Bloomberg reports that the bank restated first-quarter results, paring profit by $459m, in part because an internal review revealed that U.K. traders had priced their books 'aggressively', Mike Cavanagh, Head of Treasury & Securities Services, said in a July 13th meeting with analysts. The mispricing made losses on a portfolio of credit derivatives look smaller than they were, and executives concluded that traders may have sought to hide the 'full amount of losses', JPMorgan said in a presentation.
JPMorgan requires traders to mark their positions daily so the firm can track their profits, losses and risk. An internal control group double-checks the marks against market prices monthly and at the end of each quarter, said three former executives from the CIO and a senior executive in market risk.
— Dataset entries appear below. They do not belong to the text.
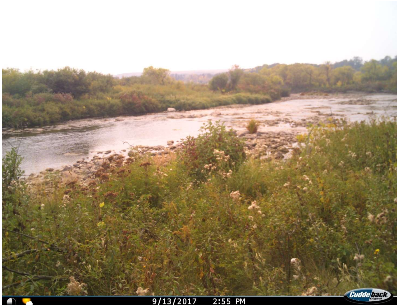
Photo 4: Photo from September 13, 2017 during no pumping withdrawal ( 1.169 \text{ m}^3/\text{s} upstream of diversion, 1.169 \text{ m}^3/\text{s} estimated downstream of diversion) for comparison to Photo 3 with pumping withdrawal

Reference: Daly Irrigation Project – 2018 Monitoring Report
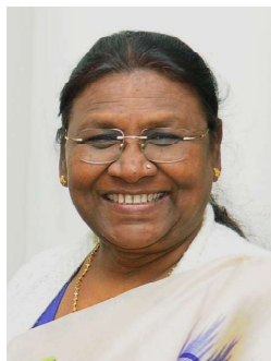
Droupadi Murmu (a president of India)

Droupadi Murmu is the new President of India. She defeated the opposition candidate Yashwant Sinha in the election, the result of which was announced on Thursday (July 21). Murmu, 64, is the first Adivasi and second woman to become the nation’s First Citizen and the Supreme Commander of India’s Armed Forces.
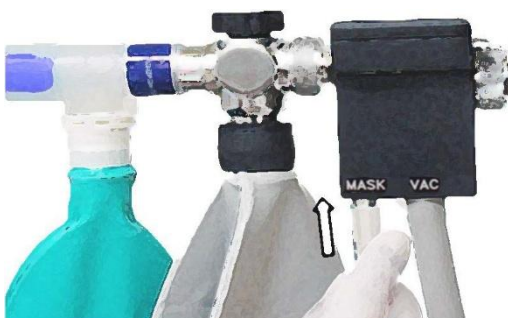
Step 3: Connect the end of the NITROUSEAL Circuit exhalation limb to the nipple marked "MASK" underneath AVS module.
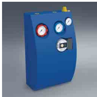
Complete Solar Station (incl. connection pipe)
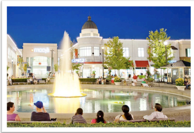
Central Park Fountain

Client: Georgetown Properties Engineers Estimate: 2.0M
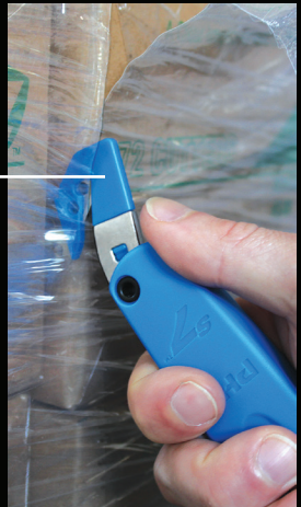
Easily Cuts Shrink Wrap
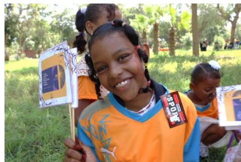
UNHCR and Intersos launched the "16 Days of Activism Against Gender-Based Violence campaign" with a round table and recreational activities for children in Aden.

UNHCR provided a one-off cash assistance to 3,324 refugee families living in Aden and Mukalla city, whose livelihoods were impacted since hostilities broke out in early August in the south. Families with valid ID cards received some USD 220 each to cover their most essential needs.
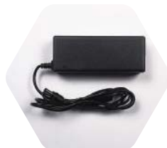
YUNTYHFSP090 AC to DC adapter for TYPHOON H
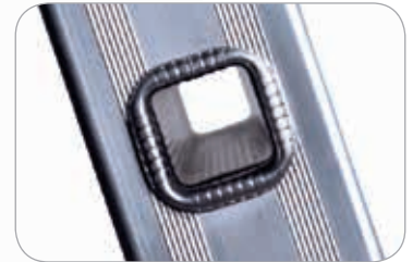
30x30 mm square non-slip rungs
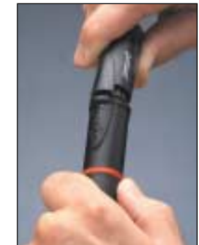
Automatic safety fuel cut-off when cap is replaced.
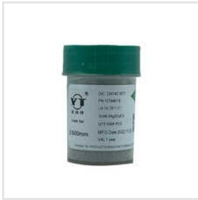
0.600 Mm Solder Ball
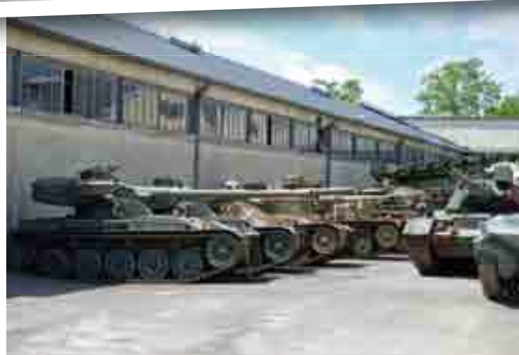
➔ Outside, you will find a display of the AMX13 "family".
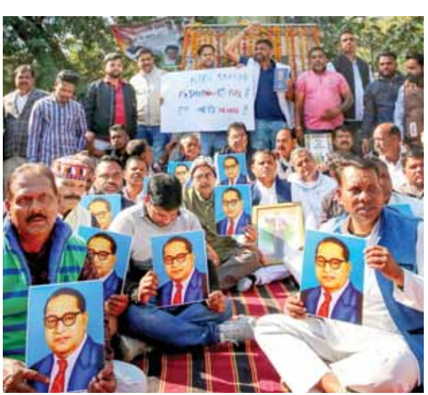
Congress SC ST cell workers stage a protest against Union Home Minister Amit Shah's remarks on BR Ambedkar in the Parliament in Bhonal

Addressing a Press conference, enshrined in the Constitution
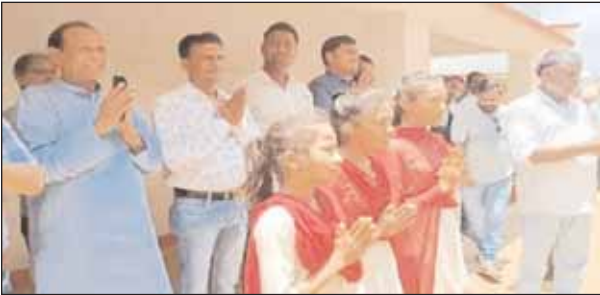
Students and teachers of the Garhwa School during prayer time.

The firm uses the control group’s prices, not what individual traders submit, to calculate earnings, making it difficult for one trader or trading desk to rig prices, the people said.
'We just have questions about whether the traders were doing what they need to do for accounting, which is put a mark on their positions where they think they can exit', Cavanagh, who led the internal review, said on a conference call with reporters. 'Instead, it felt more like they were pricing their marks a little bit more aggressively, but generally inside the bid-ask spread'.
The decision to restate results for the first three months of 2012 was made one day before New York-based JPMorgan reported second-quarter net income of $4.96bn, and after executives and lawyers interviewed employees, and reviewed thousands of hours of calls and about 1 million e-mails, said Cavanagh.